We are grateful to Dr. Dieter Koepplin, Basel, for inspecting and confirming the present painting as a work by Lucas Cranach the Elder. We are also grateful to Prof. Dr. Heydenreich, Dormagen, for examining the painting in original (Examination report, Prof. Dr. Gunnar Heydenreich, Dormagen, 4 February 2018).

€ 350.000 - 700.000

This Madonna by Lucas Cranach the Elder, previously unpublished and only recently rediscovered in an Austrian private collection, can be dated around 1512. Its composition coincides almost perfectly with a work that was exhibited in Frankfurt and London in 2007/2008 (cf. Bodo Brinkmann (ed.), Cranach der Ältere (Catalogue of exhibitions, Städel Museum, Frankfurt am Main 2007/2008; Royal Academy of Arts, London 2008), Ostfildern 2007, p. 146, Cat No 17). Judging from its superior execution, Dr. Dieter Koepplin and Prof. Dr. Gunnar Heydenreich assume that „our“ painting originated before the painting shown in 2007/2008, and consider it as a possible prototype. Also the underdrawings, visible on the infrared image, correspond to the characteristic hand of Lucas Cranach the Elder and confirm this presumption.
Considering the typical workshop practice of the period and small details in the painting, Prof. Dr. Gunnar Heydenreich does not exclude that a workshop employee has participated in the execution, but he assumes the finishing by the master himself. The dating is also confirmed by the examination of the wood panel. For most of his paintings between 1505 and 1512, Lucas Cranach the Elder employed the same carpenter (probably Michael Tischer) who glued the single boards in the direction of the shorter edge, regardless of whether the panel was painted in portrait or landscape format. Since limewood panels dated after 1512 have mostly been glued in a different way, we may assume that Lucas Cranach the Elder commissioned another carpenter after he moved his studio from Wittenberg Castle into the town. The present painting shows a horizontal structure of the panel, so Prof. Dr. Gunnar Heydenreich suggests a time of origin before or around 1512.
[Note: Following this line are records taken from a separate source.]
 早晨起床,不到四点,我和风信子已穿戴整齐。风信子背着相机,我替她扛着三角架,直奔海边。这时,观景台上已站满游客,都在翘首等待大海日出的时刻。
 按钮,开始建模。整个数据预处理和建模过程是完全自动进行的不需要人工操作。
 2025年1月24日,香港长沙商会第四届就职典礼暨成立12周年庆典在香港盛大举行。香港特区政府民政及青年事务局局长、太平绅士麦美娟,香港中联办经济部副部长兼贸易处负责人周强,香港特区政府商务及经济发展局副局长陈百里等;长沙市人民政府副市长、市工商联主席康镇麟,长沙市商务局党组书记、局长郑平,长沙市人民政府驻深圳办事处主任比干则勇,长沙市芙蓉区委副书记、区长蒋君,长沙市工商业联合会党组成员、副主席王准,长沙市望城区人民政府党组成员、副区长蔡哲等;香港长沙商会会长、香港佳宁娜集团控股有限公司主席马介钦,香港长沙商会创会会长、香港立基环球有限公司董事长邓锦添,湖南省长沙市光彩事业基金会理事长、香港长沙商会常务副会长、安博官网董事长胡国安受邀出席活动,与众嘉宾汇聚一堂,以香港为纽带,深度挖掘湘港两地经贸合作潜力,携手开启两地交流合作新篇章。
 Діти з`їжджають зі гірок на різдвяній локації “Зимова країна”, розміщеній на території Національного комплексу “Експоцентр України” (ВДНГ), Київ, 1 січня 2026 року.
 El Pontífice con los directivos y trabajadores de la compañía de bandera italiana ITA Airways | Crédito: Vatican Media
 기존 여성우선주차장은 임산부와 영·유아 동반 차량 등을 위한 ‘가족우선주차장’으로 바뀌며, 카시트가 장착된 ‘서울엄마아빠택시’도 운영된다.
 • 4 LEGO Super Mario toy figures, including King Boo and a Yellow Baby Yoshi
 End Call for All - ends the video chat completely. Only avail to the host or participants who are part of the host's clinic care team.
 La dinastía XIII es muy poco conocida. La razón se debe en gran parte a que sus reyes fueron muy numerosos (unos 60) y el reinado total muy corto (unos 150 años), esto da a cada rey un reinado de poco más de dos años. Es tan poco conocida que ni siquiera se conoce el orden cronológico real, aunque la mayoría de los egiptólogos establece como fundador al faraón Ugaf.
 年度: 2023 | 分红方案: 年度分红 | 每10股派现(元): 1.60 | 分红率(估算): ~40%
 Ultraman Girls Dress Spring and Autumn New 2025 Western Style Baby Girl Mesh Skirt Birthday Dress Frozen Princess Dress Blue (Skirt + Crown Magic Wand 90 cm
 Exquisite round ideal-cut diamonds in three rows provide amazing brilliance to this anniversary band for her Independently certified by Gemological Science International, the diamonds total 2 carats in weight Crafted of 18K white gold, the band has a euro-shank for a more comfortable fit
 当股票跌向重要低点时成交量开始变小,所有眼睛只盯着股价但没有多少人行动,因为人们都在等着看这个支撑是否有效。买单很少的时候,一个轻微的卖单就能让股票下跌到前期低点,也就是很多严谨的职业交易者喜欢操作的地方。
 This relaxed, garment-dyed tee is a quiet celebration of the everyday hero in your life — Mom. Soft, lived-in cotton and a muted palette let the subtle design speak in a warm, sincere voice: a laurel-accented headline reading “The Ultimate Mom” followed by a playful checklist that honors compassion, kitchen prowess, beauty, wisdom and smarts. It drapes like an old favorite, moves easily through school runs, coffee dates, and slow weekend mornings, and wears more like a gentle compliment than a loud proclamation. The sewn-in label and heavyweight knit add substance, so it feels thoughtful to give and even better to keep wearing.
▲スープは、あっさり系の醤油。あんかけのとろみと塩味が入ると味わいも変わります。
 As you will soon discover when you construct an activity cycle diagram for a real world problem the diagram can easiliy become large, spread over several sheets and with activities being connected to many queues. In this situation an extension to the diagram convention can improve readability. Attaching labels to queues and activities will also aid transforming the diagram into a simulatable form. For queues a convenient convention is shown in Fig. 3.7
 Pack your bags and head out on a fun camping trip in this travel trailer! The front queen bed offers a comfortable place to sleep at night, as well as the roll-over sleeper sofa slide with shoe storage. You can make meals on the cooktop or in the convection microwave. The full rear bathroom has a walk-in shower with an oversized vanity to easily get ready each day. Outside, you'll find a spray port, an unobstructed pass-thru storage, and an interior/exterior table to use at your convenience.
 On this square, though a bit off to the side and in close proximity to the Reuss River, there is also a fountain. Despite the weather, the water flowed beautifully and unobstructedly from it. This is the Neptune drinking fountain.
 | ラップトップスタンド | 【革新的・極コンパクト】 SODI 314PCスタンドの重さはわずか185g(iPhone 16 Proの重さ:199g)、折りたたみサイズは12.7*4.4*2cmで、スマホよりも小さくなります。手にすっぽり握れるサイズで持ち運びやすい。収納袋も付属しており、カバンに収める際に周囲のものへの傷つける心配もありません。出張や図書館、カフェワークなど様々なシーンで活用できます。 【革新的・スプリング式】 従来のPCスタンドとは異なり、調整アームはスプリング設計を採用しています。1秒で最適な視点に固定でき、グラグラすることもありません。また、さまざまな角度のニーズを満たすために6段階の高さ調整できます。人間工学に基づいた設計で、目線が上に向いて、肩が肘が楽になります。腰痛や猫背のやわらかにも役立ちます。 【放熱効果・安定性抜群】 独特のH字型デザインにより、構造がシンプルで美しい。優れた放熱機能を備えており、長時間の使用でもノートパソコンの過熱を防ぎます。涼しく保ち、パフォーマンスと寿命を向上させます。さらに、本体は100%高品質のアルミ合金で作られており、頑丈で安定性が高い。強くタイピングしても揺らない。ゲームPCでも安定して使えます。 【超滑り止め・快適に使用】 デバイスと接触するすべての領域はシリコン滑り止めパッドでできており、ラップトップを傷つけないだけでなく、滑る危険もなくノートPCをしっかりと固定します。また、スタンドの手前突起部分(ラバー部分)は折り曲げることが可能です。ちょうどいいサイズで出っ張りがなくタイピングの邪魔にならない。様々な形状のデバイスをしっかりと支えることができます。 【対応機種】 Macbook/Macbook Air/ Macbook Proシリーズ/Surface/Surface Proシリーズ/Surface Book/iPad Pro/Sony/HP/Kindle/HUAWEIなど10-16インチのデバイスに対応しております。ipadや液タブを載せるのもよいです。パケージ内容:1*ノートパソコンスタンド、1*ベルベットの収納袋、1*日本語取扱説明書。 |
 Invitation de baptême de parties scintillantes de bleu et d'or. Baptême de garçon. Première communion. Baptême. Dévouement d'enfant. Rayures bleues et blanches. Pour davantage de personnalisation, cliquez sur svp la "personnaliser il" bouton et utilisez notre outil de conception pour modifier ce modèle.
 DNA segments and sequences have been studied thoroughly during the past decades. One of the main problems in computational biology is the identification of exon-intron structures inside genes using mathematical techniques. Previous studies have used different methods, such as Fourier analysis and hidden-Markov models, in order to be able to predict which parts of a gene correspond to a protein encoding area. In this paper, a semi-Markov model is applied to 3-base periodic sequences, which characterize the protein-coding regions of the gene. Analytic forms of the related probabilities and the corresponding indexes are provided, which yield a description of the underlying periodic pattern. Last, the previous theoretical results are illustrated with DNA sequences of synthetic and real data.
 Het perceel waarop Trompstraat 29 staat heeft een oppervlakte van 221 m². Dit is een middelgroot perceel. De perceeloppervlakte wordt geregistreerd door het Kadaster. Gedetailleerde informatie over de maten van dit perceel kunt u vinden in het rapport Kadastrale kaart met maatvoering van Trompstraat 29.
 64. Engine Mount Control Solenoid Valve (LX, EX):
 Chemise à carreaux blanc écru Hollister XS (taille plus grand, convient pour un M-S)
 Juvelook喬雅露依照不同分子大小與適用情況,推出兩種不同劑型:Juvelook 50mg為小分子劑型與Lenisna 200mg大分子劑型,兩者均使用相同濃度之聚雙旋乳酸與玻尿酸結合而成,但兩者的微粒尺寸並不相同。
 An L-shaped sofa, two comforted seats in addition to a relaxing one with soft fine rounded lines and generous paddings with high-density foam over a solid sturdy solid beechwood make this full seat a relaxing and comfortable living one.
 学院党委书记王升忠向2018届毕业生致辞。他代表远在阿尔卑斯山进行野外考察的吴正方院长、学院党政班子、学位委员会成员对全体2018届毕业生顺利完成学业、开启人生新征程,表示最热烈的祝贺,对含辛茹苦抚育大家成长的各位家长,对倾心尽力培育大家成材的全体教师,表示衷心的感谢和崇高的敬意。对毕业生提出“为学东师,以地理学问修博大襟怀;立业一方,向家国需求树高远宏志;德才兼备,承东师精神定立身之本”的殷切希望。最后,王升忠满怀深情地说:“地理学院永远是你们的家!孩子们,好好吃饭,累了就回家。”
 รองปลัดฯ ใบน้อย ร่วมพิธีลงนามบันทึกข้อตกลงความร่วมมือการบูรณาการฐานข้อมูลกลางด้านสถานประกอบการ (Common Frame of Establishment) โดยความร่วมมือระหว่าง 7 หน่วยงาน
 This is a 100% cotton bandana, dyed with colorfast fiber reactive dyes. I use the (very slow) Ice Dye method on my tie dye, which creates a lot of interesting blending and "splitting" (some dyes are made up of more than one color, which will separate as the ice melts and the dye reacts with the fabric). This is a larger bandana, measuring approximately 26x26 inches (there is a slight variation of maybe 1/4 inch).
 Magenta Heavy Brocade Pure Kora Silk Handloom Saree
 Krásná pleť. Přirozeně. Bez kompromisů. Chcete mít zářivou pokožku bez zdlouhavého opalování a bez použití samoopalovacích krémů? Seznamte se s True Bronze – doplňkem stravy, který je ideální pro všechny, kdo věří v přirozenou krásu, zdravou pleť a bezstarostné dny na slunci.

In the wide-ranging oeuvre of Lucas Cranach the Elder, depictions of the Virgin Mary occupy a prominent position. While they do feature the most diverse artistic and geographic influences as well as quite some variety in terms of composition, they are invariably possessed of a character that is unmistakably Cranach’s. Both the choice of figures here—consisting of Mary, the Christ child, and the infant St. John the Baptist—and the painting’s overall composition betray a close kinship with Italian output from the late 15th and early 16th centuries. While there does exist documentation of a 1508 trip by Cranach to the Netherlands, the impressions from which are reflected in numerous works, it is to this day a matter of speculation whether the artist ever actually spent time in Italy or simply knew the Italian Renaissance masters from works imported to the North.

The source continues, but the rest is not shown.